FTR Intel says its Trucking Conditions Index (TCI) rebounded marginally in April to a -0.64 reading.
Conditions improved slightly from the previous month, but TCI remains in negative territory as the rate environment continues to soften, the company reports. Economic indicators linked to freight are generally weaker, and FTR expects the index to remain in a narrow band of negative readings through 2019 and into 2020.
Details of the April TCI are available in the June issue of FTR’s Trucking Update. The ‘Notes by the Dashboard Light’ section in the issue includes an updated analysis of the current trade situation and the impact it is having on freight. The Trucking Update also includes data and analysis on load volumes, the capacity environment, rates, costs and the truck driver situation, FTR said.
“Not that long ago, it seemed inconceivable that the good times in trucking would end, but here we are back down to Earth,” said Avery Vise, FTR’s vice president of trucking. “Growth in manufacturing—the most significant driver of trucking activity—has subsided, and residential construction remains stagnant. However, there are some near-term positives, such as lower diesel prices.
“Also, carriers are responding to flagging demand by ending their hiring spree, which could set the stage for firmer capacity utilization down the road.”
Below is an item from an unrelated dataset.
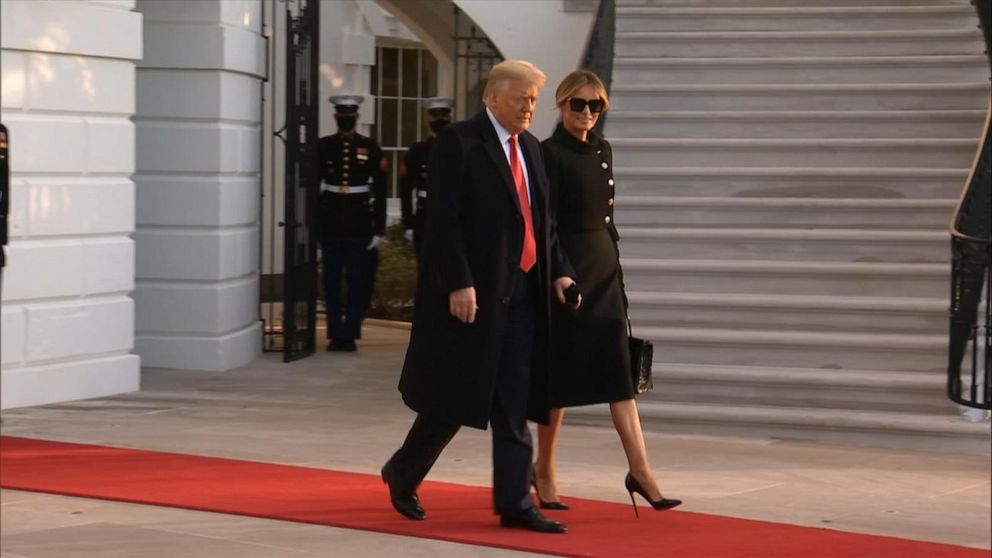 Пред погледите на малка група свои привърженици Тръмп и първата дама Мелания минаха по къс червен килим и се качиха на хеликоптера „Марийн уан“ за краткия полет до авиобазата „Ендрюс“ откъдето ще отлети с „Еър форс уан“ до Флорида. Да служиш като президент беше „честта на целия ми живот“, каза Тръмп пред журналисти, преди да се качи на борда на „Марийн уан“. Във военновъздушната база „Ендрюс“ Доналд Тръмп определи президентството си като четири „невероятни“ години. В заключителната си реч Тръмп заяви: „Ще се върнем под някаква форма“, намеквайки, че ще остане в обществения живот, след като напусне Белия дом. Тръмп продължи, без да споменава лично новоизбрания президент Джо Байдън, че смята, че следващата администрация „ще има голям успех, защото те имат основите за това“, но той им пожела и „голям късмет“.

The Trucking Conditions Index tracks changes representing five major conditions— freight volumes, freight rates, fleet capacity, fuel price and financing—in the US truck market. The individual metrics are combined into a single index that tracks the market conditions that influence fleet behavior. A positive score represents good, optimistic conditions. Conversely, a negative score represents bad, pessimistic conditions.